_Directions_
Look below for the line with "陪同来校的文化局局长刘杰、金" and the line with "건물의 저층부를 감싸는". Copy exactly those two lines and every line between, but not the pictures.

_Information given_
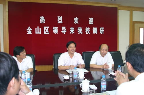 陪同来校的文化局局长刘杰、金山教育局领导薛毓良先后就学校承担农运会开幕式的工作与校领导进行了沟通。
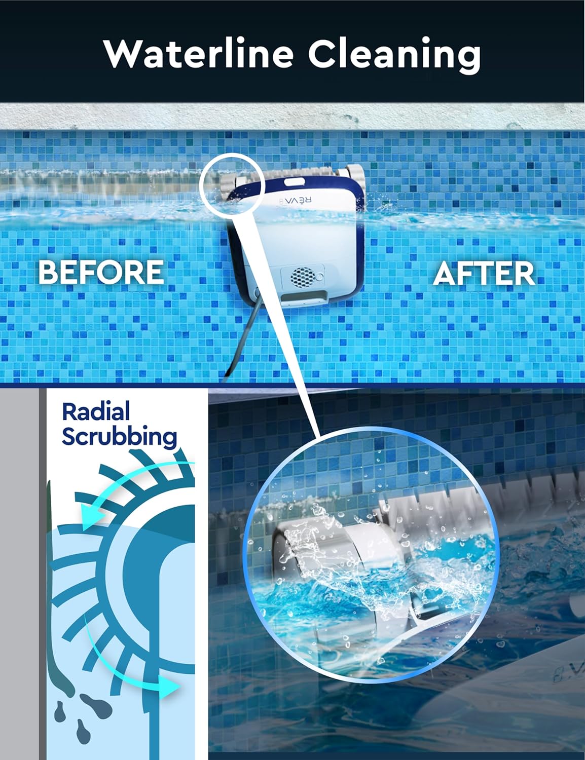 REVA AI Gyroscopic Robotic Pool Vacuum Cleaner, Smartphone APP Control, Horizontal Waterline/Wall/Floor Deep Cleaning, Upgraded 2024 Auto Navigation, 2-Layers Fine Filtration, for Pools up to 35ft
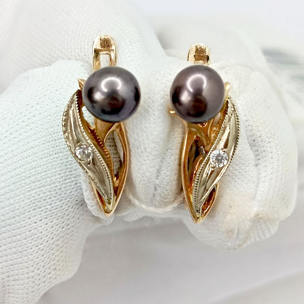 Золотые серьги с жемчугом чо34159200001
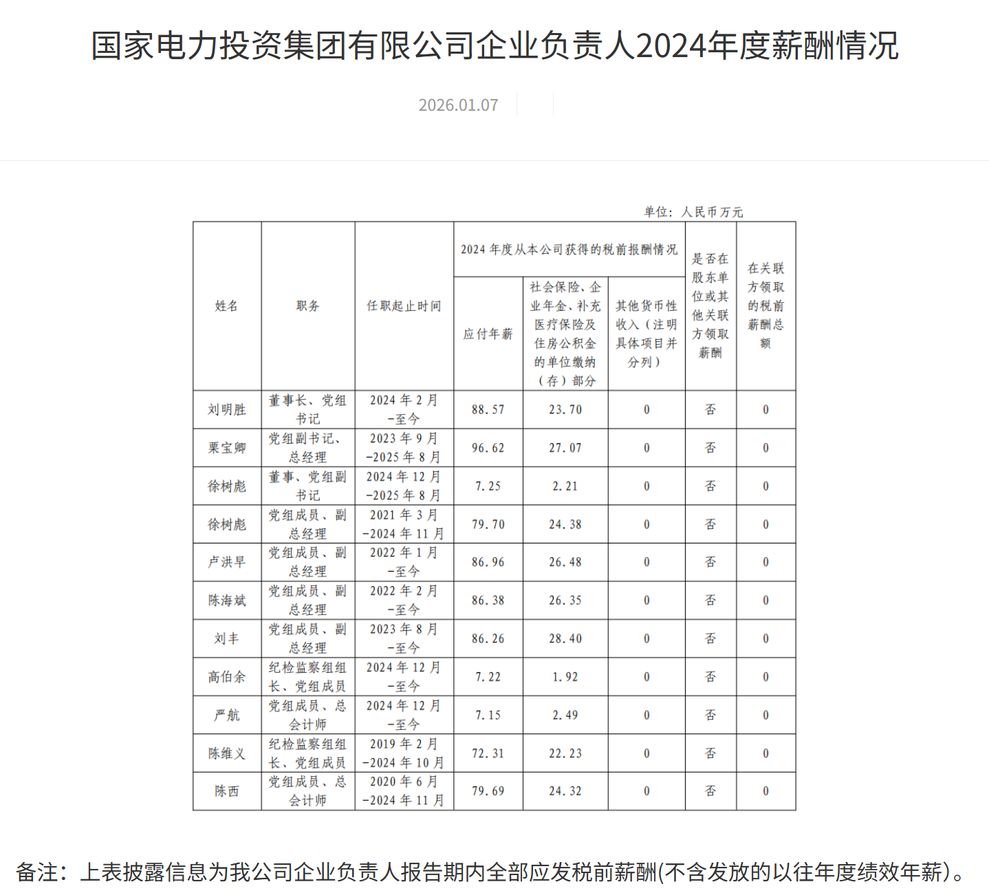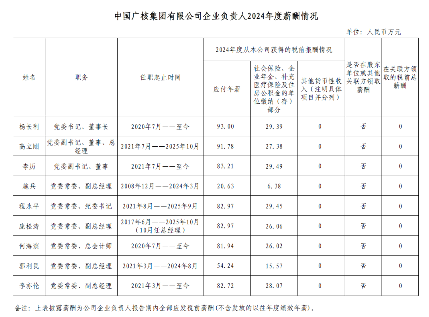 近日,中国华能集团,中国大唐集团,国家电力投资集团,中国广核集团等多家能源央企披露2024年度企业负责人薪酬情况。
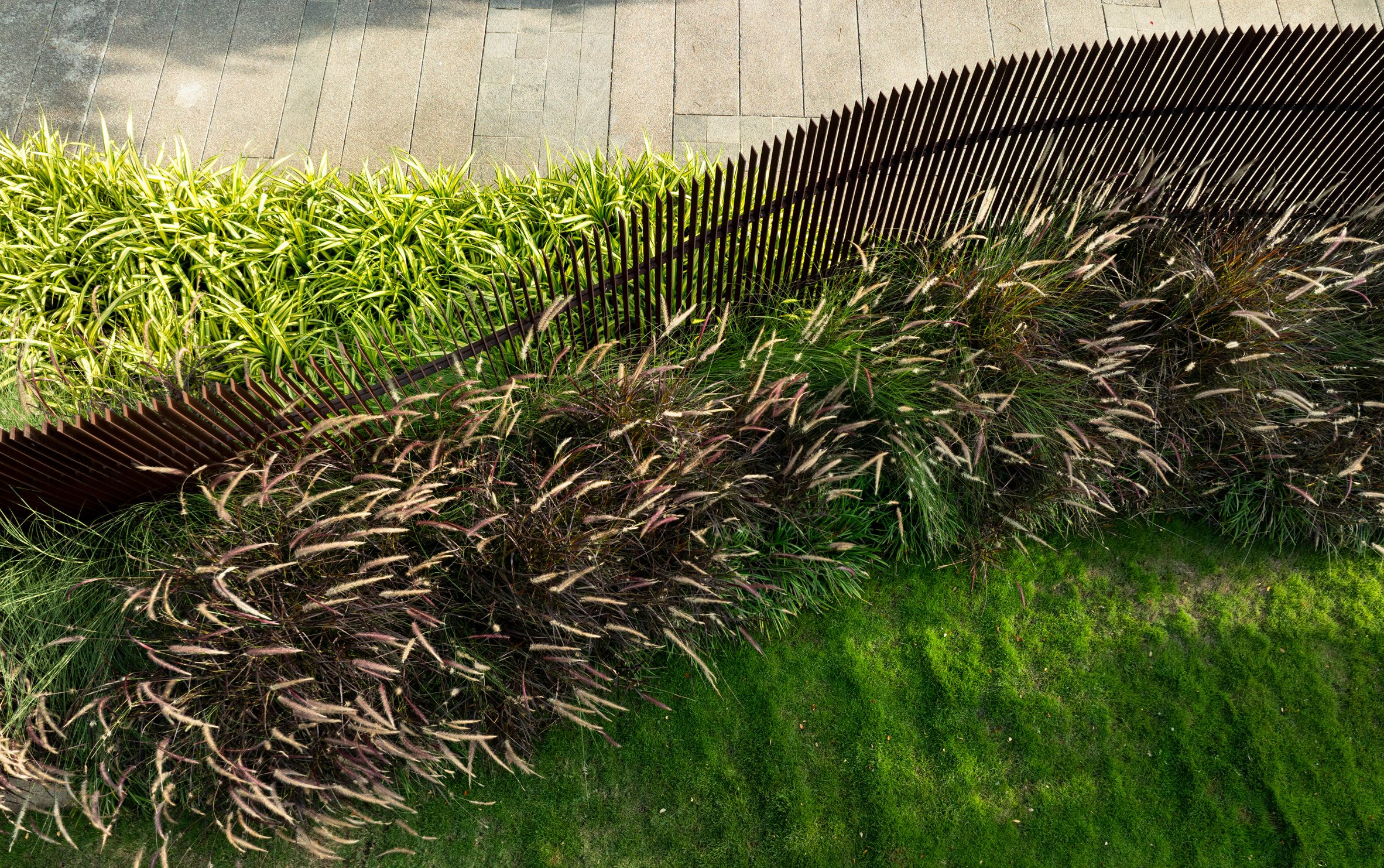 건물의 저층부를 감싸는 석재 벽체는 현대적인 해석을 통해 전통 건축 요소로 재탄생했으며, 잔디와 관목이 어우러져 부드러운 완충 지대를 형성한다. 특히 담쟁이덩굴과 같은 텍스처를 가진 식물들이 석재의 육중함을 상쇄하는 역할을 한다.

==

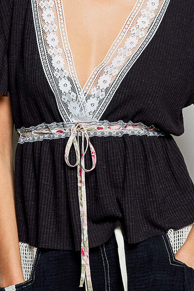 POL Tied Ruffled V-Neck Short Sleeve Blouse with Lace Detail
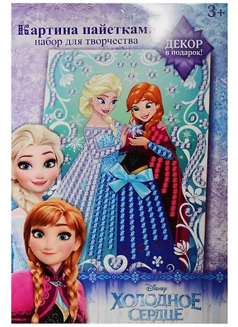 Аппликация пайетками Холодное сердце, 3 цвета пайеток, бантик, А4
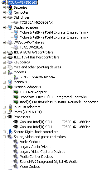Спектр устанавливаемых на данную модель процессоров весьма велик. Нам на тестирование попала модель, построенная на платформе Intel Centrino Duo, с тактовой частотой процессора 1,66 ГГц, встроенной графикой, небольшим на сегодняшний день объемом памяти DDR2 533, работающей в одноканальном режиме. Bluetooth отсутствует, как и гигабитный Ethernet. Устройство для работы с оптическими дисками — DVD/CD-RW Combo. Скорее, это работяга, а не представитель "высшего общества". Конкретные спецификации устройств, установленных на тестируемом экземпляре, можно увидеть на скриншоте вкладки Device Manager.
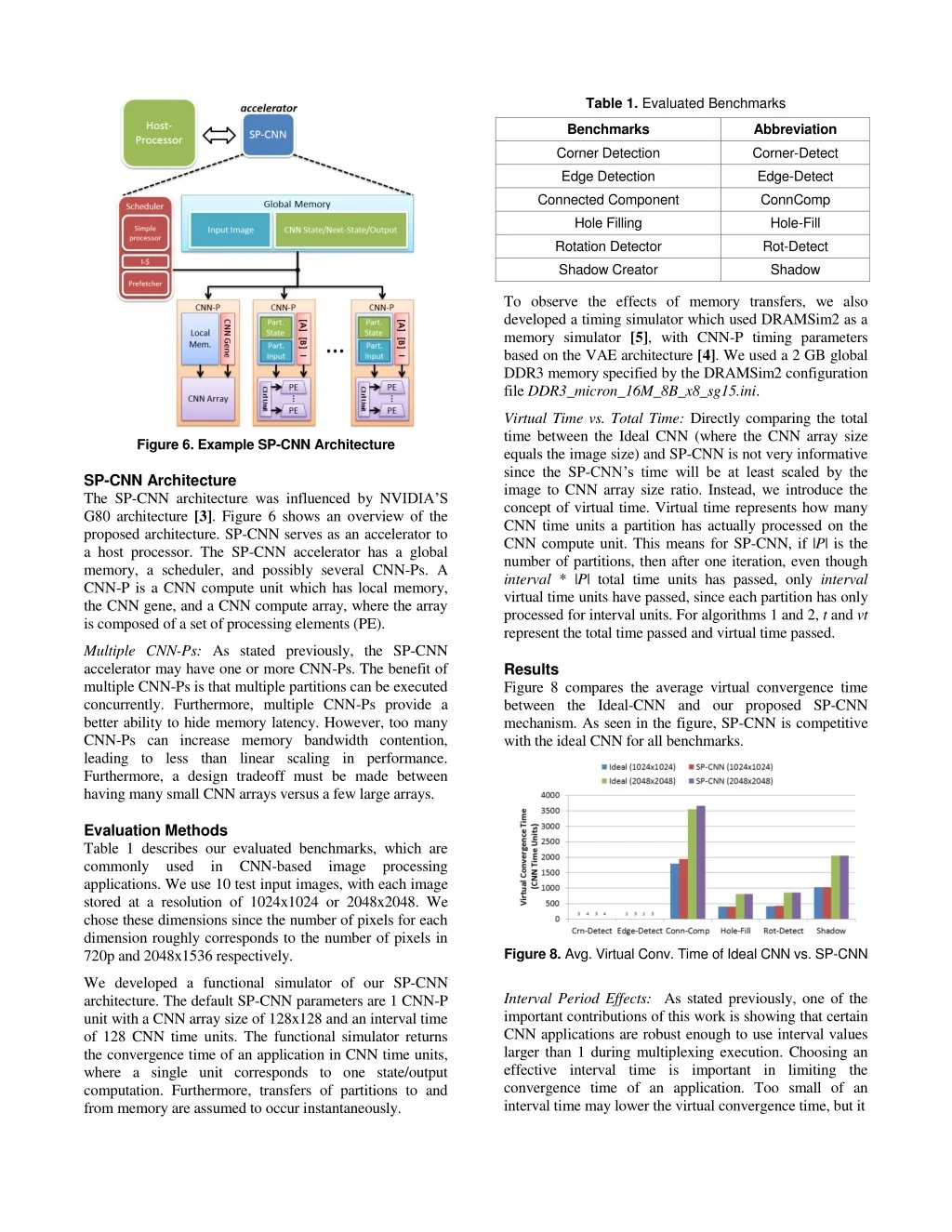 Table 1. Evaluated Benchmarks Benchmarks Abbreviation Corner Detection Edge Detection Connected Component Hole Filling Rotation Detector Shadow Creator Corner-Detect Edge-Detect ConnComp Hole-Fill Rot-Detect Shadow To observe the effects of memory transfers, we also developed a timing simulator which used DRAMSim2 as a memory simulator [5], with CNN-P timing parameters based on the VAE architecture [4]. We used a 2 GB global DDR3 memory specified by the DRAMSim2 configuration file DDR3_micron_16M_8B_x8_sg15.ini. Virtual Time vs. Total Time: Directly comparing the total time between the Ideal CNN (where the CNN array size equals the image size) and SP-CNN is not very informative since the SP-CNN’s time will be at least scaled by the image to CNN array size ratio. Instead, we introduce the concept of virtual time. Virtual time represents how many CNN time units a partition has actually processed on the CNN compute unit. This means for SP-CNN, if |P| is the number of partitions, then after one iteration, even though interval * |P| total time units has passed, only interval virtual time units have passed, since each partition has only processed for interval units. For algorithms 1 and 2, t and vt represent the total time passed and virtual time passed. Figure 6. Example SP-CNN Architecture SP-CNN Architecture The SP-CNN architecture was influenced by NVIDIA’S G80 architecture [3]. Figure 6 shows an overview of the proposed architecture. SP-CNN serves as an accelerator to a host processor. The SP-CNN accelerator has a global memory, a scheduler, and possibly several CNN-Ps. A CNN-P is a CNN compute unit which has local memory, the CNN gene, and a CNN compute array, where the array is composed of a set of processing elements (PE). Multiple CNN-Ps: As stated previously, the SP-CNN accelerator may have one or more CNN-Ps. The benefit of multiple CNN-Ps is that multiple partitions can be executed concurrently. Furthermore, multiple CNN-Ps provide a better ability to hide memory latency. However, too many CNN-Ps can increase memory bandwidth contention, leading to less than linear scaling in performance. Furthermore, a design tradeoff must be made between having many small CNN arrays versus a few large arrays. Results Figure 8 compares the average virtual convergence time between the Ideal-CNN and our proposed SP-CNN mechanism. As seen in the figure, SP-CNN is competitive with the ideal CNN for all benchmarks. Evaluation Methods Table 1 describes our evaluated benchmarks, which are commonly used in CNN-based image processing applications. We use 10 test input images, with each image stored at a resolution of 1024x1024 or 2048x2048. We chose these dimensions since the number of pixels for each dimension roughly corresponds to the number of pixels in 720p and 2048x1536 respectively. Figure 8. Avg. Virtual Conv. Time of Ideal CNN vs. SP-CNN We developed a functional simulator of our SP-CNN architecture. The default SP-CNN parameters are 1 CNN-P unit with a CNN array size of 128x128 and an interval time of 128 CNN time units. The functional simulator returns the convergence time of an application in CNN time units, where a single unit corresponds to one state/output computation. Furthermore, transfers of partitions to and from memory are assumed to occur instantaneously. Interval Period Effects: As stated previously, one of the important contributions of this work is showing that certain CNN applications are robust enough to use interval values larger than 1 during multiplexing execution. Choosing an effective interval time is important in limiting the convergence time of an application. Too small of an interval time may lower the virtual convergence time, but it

_Written solution_
 陪同来校的文化局局长刘杰、金山教育局领导薛毓良先后就学校承担农运会开幕式的工作与校领导进行了沟通。
 REVA AI Gyroscopic Robotic Pool Vacuum Cleaner, Smartphone APP Control, Horizontal Waterline/Wall/Floor Deep Cleaning, Upgraded 2024 Auto Navigation, 2-Layers Fine Filtration, for Pools up to 35ft
 Золотые серьги с жемчугом чо34159200001
 近日,中国华能集团,中国大唐集团,国家电力投资集团,中国广核集团等多家能源央企披露2024年度企业负责人薪酬情况。
 건물의 저층부를 감싸는 석재 벽체는 현대적인 해석을 통해 전통 건축 요소로 재탄생했으며, 잔디와 관목이 어우러져 부드러운 완충 지대를 형성한다. 특히 담쟁이덩굴과 같은 텍스처를 가진 식물들이 석재의 육중함을 상쇄하는 역할을 한다.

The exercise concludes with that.